## Data listing
╭──

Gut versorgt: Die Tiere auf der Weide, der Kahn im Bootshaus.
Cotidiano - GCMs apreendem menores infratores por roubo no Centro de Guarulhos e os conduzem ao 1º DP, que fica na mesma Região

╰──
╭──

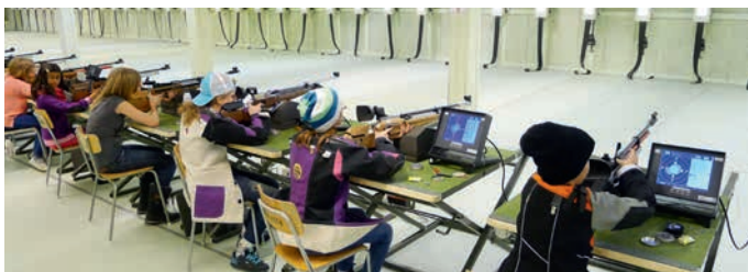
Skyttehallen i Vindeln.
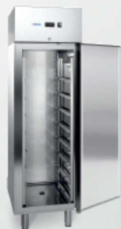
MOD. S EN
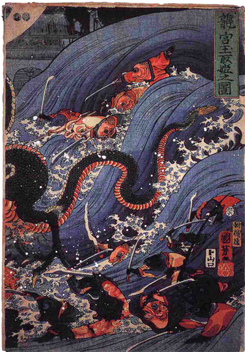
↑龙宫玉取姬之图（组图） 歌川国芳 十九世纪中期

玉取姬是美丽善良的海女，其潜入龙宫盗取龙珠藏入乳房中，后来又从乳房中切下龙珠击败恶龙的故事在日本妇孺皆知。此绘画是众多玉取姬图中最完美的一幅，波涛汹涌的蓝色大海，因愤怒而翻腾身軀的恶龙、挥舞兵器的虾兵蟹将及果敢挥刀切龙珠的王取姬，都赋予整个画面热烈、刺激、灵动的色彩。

╰──
╭──

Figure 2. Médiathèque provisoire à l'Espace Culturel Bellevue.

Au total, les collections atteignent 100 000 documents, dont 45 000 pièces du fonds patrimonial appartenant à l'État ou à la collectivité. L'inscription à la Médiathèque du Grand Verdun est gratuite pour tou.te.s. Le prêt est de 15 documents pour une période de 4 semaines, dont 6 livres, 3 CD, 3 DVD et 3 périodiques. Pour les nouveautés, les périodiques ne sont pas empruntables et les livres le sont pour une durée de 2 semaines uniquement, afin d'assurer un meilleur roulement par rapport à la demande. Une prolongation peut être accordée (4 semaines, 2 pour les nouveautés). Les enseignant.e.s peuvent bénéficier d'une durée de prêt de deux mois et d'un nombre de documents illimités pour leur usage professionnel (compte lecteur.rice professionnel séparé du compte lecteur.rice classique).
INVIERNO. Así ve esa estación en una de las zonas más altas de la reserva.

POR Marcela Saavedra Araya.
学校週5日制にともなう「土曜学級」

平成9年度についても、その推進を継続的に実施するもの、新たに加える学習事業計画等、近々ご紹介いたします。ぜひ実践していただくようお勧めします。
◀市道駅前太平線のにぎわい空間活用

╰──

## Exercise details
Please return the data above exactly as it stands from the line with "Skyttehallen i Vindeln." to the line with "玉取姬是美丽善良的海女，其潜", keeping both of those lines but none of the pictures.

## Result of this task
Skyttehallen i Vindeln.
MOD. S EN
↑龙宫玉取姬之图（组图） 歌川国芳 十九世纪中期

玉取姬是美丽善良的海女，其潜入龙宫盗取龙珠藏入乳房中，后来又从乳房中切下龙珠击败恶龙的故事在日本妇孺皆知。此绘画是众多玉取姬图中最完美的一幅，波涛汹涌的蓝色大海，因愤怒而翻腾身軀的恶龙、挥舞兵器的虾兵蟹将及果敢挥刀切龙珠的王取姬，都赋予整个画面热烈、刺激、灵动的色彩。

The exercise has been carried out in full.